2.6 ZERO to 60 is complete bullshit. They don't count from zero, not even close, could be off by 20%. There is no excuse because we can make much better measurements. Time for manufacturers/journalists to stop lying about 0-60, it isn't science.

I really am at a loss how anyone can defend it here in 2015, because 60 year old staging light "technology" that was never meant to measure 60mph attainment anyway?!?


----------



## rochesterricer (Jan 5, 2011)

Its only bullshit if they do it differently for different cars. It is perfectly valid if a magazine performs all of their tests that way. Btw, its not just the rollout. Some publications perform the test on a standard shitty road surface, while others do it at a sticky prepped drag strip. 

0-60 times are like chassis dyno numbers, they are most useful as relative measurements instead of absolute measurements. There is no right way, as long as you are consistent in your application. This way you can measure the performance against other vehicles tested by the same publication.


----------



## dcb (Dec 5, 2009)

rochesterricer said:


> Its only bullshit if they do it differently for different cars.


Which is exactly the case, and everyone does it because they want the best marking numbers (bullshit numbers). It says 0-60, it should be 0-60, or as close as they can measure. Again, at a loss why you would think otherwise, for any reason at all, defies comprehension.

I understand 0-60 has been co-opted by the marketers, I prefer truth in advertising, again I don't see how anyone would want otherwise. There isn't any good excuse for it all all. "status quo" isn't an excuse, you don't even need a $20,000 box. The worlds "most sophisticated car" CERTAINLY can measure from as close to zero and as close to 60mph as the best of us, it is just bullshit that they don't.

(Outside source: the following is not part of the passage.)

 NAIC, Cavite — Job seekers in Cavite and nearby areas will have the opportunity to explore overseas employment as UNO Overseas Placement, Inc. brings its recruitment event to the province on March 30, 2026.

It reminds me of the mpge crap, where chevy (and others) were claiming ridiculously high numbers, and of course the response is: if you say it gets 240mpge, well can we place you in the middle of the desert 240 miles from anywhere with a gallon of gas?

It is perfectly fine to expect honest figures from companies, again at a loss, really don't understand the complacency. That includes idiot journalists.


----------



## rochesterricer (Jan 5, 2011)

dcb said:


> Which is exactly the case, and everyone does it because they want the best marking numbers (bullshit numbers). It says 0-60, it should be 0-60, or as close as they can measure. Again, at a loss why you would think otherwise, for any reason at all, defies comprehension.
> 
> I understand 0-60 has been co-opted by the marketers, I prefer truth in advertising, again I don't see how anyone would want otherwise. There isn't any good excuse for it all all. "status quo" isn't an excuse, you don't even need a $20,000 box. The worlds "most sophisticated car" CERTAINLY can measure from as close to zero and as close to 60mph as the best of us, it is just bullshit that they don't.
> 
> ...


I'm not talking about manufacturer's numbers, which should never be trusted anyways. I'm talking about numbers from journalist testers, which are done consistently. 

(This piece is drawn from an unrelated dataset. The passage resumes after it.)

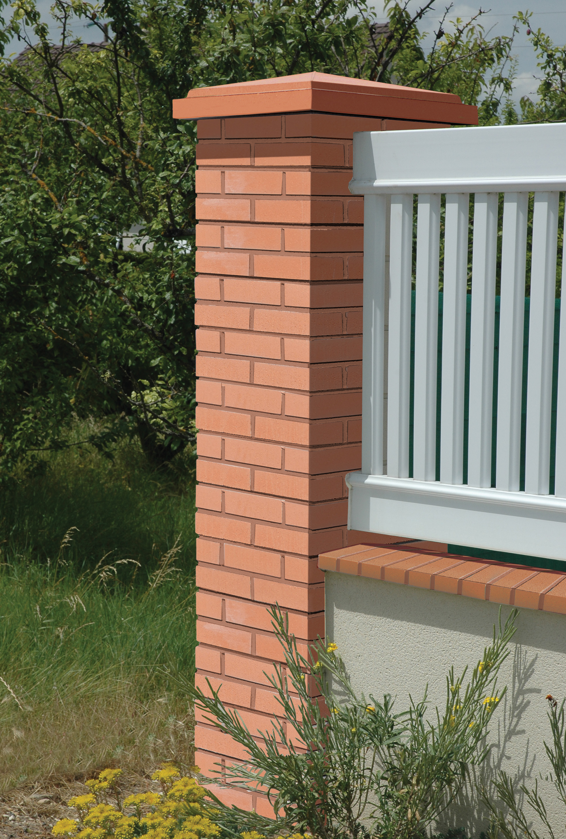 Éléments modulaires dont la mise en œuvre, par emboitement ou collage, est à la portée de tous. Les joints gris des éléments de piliers et plaquettes imitent les traditionnels joints à la chaux, finition indispensable pour donner l'aspect d'un véritable assemblage de briques.

You can bitch and moan all you want about semantics, but the fact is there is no perfect way to do this. There are so many variables in play. Accelerating from a complete stop will place bias on certain characteristics, just like doing it from a roll will bias others. Thats not even factoring in the road surface used, as that can drastically affect the results. Or elevation when comparing gas cars. And on, and on, and on... 

Once again, it will ALWAYS be most useful as a comparative measure. When looking at a number from Motor Trend, you compare it to other cars tested by Motor Trend. The actual number isn't as important as how it compares to other cars.


----------



## Duncan (Dec 8, 2008)

Another thing to remember is that when we had a "fast car" with a 10 second 0-60 this was an easy and useful measure

Nowadays when a cooking saloon is 0-60 in 7 seconds and sports cars are under 4 seconds this measure is both less useful and more difficult to measure


----------



## dcb (Dec 5, 2009)

here is another confused 0-60 measure, just call it 60 foot time eh? 
decided it was worth 0-60mph in 1.9 seconds after more fudging by Medford, and simply accepted by the article writer. 1.9 second 0-60mph isn't cause for inquiry?!?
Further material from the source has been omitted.